__STUDY MATERIAL__.
^^^^

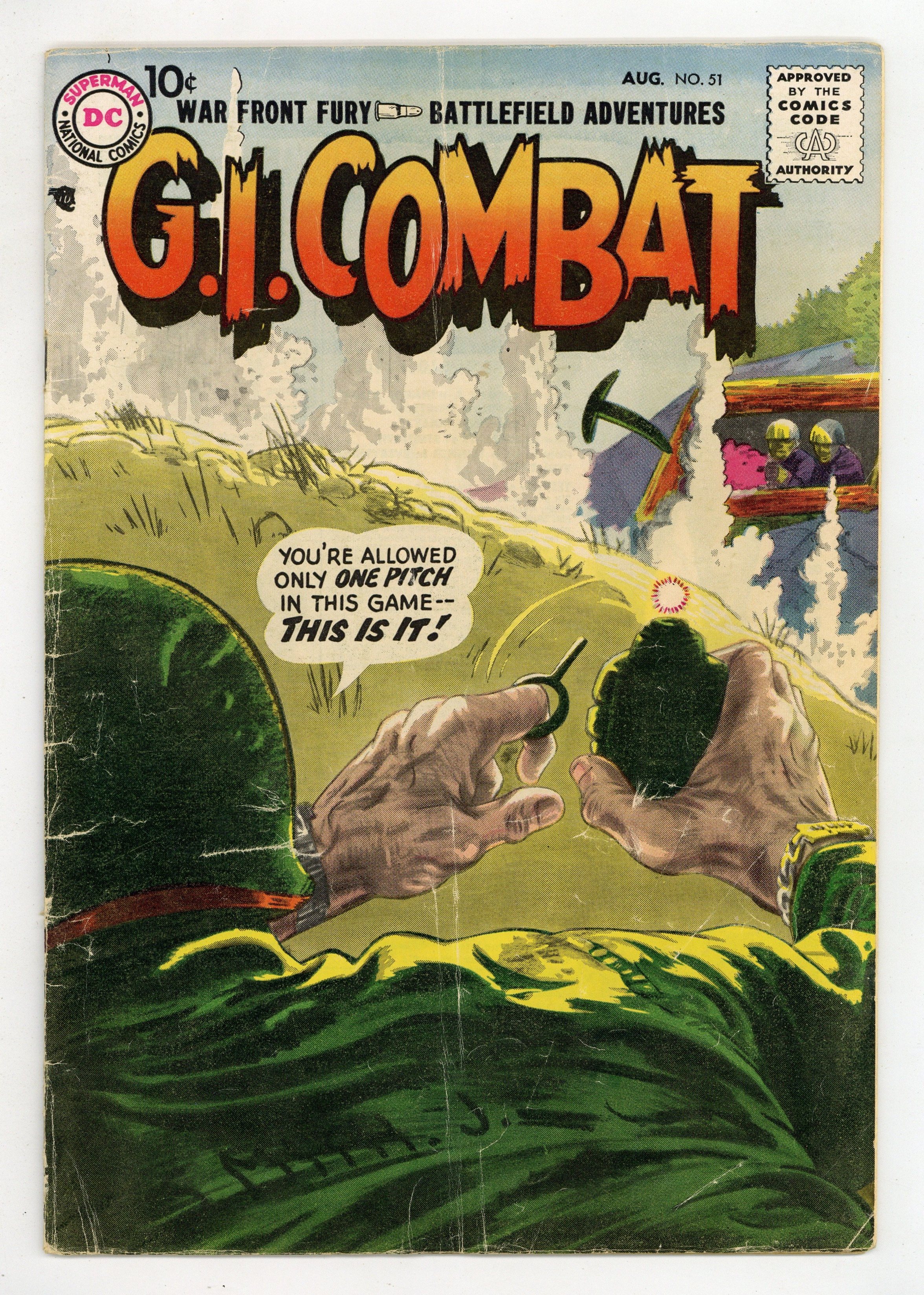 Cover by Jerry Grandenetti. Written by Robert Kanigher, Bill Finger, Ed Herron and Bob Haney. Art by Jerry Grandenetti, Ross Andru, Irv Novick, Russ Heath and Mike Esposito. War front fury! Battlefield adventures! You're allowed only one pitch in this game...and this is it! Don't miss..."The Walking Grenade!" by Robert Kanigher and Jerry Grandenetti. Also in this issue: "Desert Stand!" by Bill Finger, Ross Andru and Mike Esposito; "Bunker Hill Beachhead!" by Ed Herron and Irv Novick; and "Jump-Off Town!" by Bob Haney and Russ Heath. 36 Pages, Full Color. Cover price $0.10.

^^^^

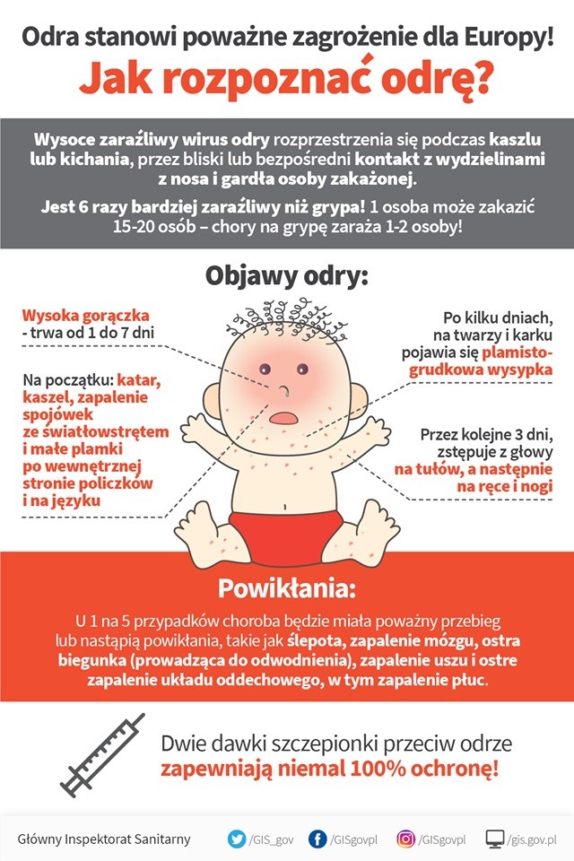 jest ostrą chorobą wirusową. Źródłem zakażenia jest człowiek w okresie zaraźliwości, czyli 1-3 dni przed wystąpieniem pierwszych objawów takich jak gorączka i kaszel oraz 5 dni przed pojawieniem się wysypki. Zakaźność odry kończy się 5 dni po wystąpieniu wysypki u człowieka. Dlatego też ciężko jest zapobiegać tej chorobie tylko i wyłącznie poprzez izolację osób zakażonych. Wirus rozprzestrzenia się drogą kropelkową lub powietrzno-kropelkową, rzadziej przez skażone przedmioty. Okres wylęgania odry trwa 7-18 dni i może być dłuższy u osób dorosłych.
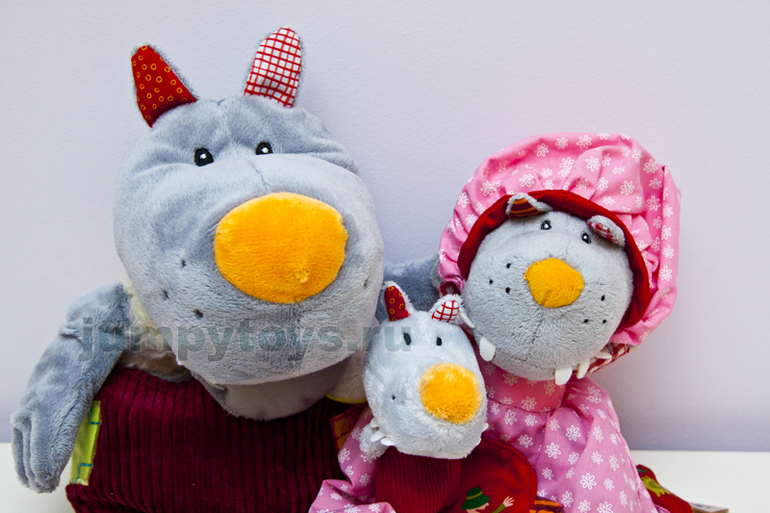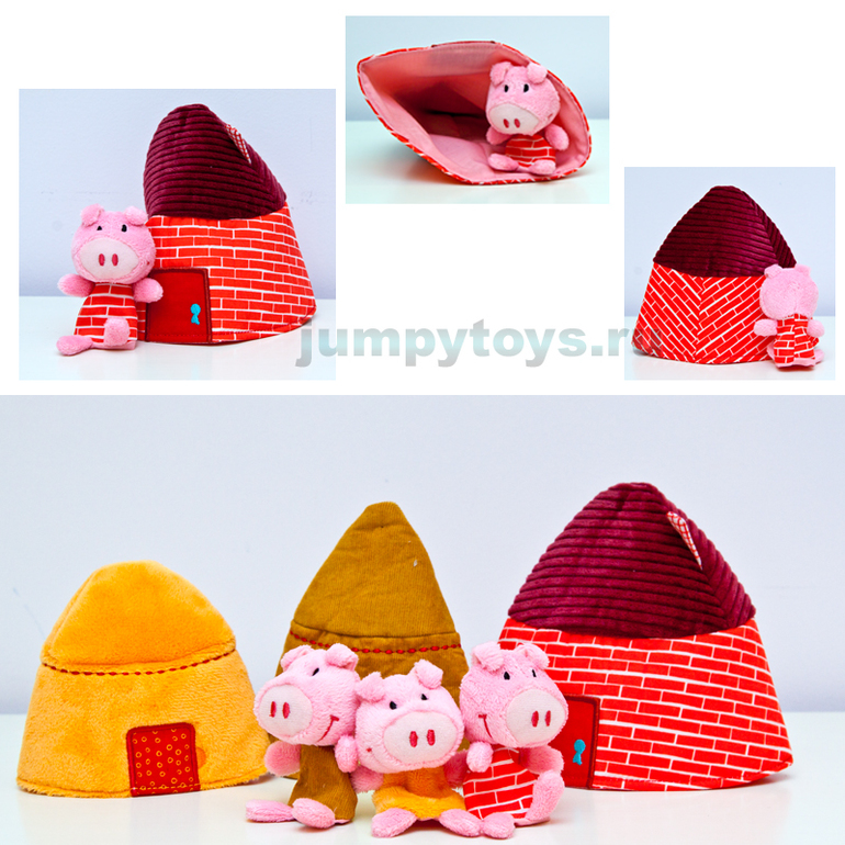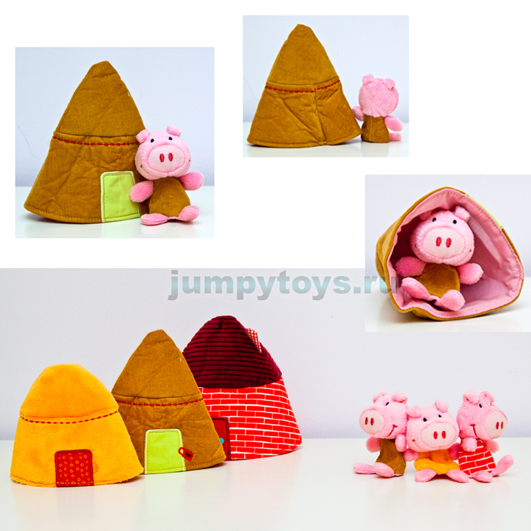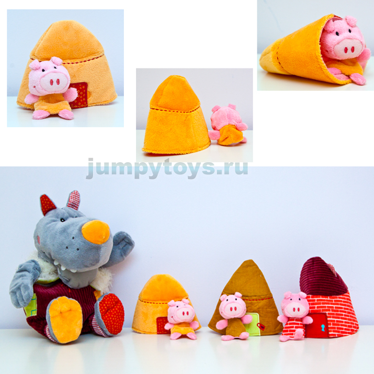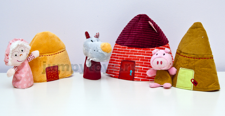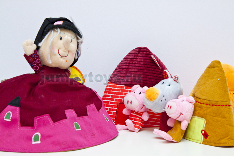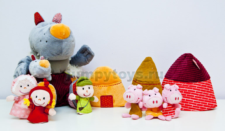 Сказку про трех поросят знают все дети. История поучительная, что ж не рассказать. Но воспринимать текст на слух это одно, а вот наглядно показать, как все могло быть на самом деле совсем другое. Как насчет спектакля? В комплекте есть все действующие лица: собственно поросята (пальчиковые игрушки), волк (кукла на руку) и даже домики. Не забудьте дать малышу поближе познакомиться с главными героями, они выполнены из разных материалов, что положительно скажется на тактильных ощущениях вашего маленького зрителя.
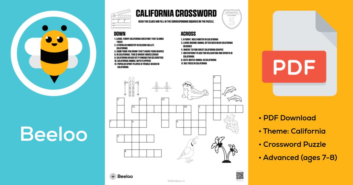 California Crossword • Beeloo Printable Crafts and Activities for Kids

^^^^

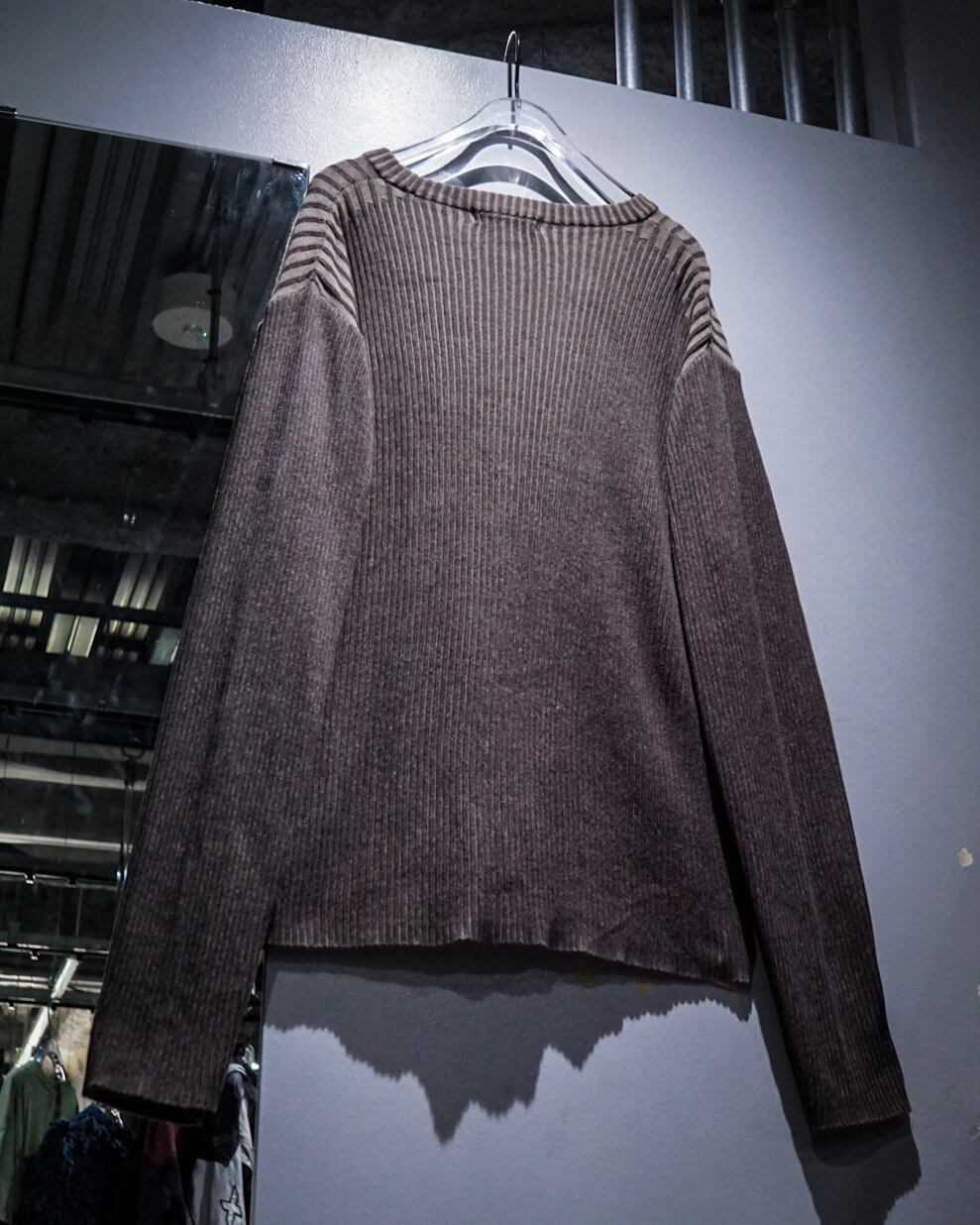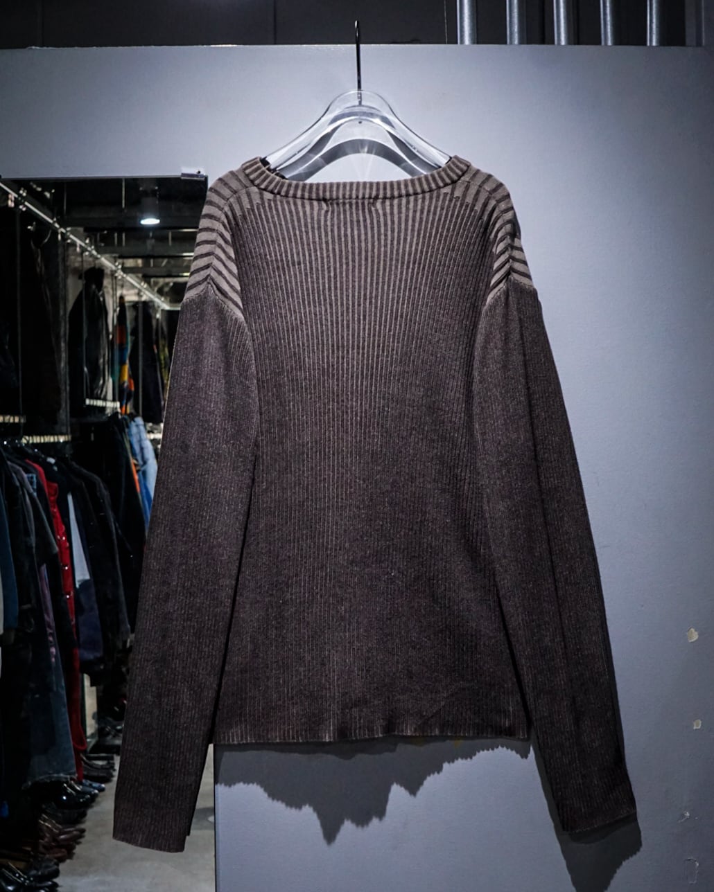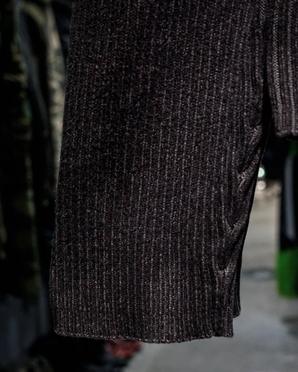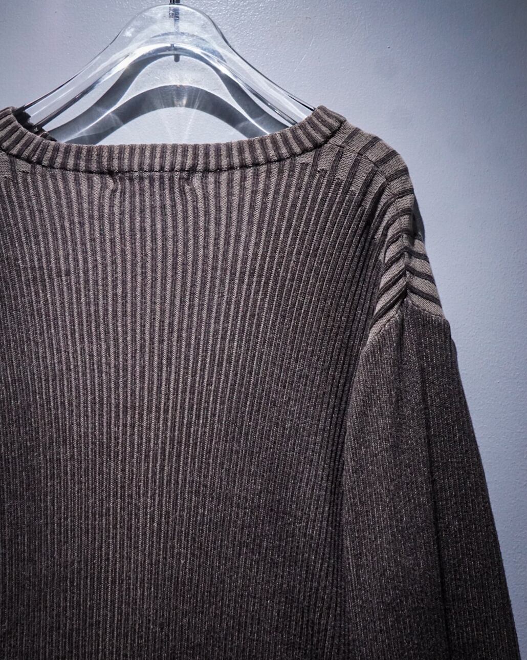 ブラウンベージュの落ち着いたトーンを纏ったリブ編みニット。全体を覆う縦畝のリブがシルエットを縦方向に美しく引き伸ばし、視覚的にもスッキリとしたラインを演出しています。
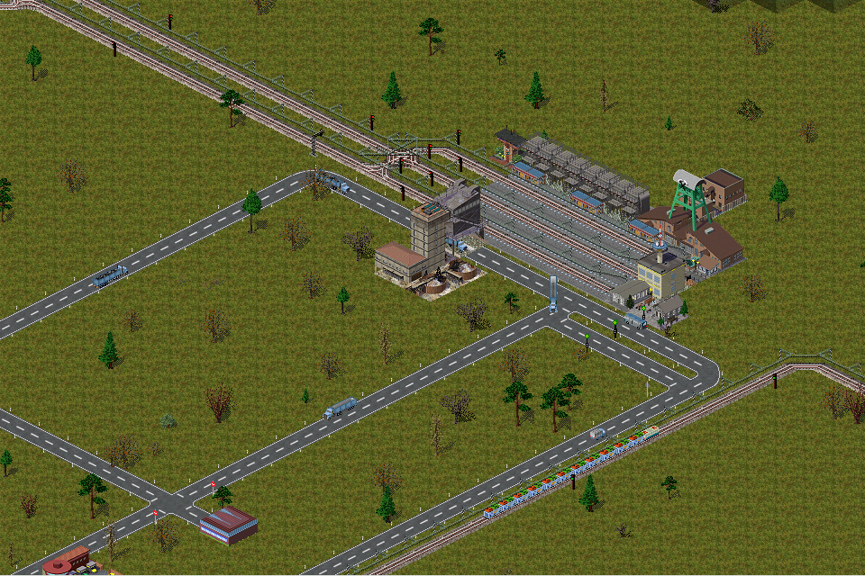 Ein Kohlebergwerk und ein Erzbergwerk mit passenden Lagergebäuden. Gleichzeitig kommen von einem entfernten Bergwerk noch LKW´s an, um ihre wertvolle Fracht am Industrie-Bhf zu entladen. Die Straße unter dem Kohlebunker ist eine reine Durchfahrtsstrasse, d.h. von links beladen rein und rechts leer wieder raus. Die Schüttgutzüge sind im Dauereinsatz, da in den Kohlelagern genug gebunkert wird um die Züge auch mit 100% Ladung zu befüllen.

^^^^

__PROBLEM DESCRIPTION__.
Go back to the lines above and output, exactly as they stand, the ones from the line containing "ブラウンベージュの落ち着いた" to the line containing "Ein Kohlebergwerk und". Leave all pictures behind.

__OUTPUT OF THE EXERCISE__.
 ブラウンベージュの落ち着いたトーンを纏ったリブ編みニット。全体を覆う縦畝のリブがシルエットを縦方向に美しく引き伸ばし、視覚的にもスッキリとしたラインを演出しています。
 Ein Kohlebergwerk und ein Erzbergwerk mit passenden Lagergebäuden. Gleichzeitig kommen von einem entfernten Bergwerk noch LKW´s an, um ihre wertvolle Fracht am Industrie-Bhf zu entladen. Die Straße unter dem Kohlebunker ist eine reine Durchfahrtsstrasse, d.h. von links beladen rein und rechts leer wieder raus. Die Schüttgutzüge sind im Dauereinsatz, da in den Kohlelagern genug gebunkert wird um die Züge auch mit 100% Ladung zu befüllen.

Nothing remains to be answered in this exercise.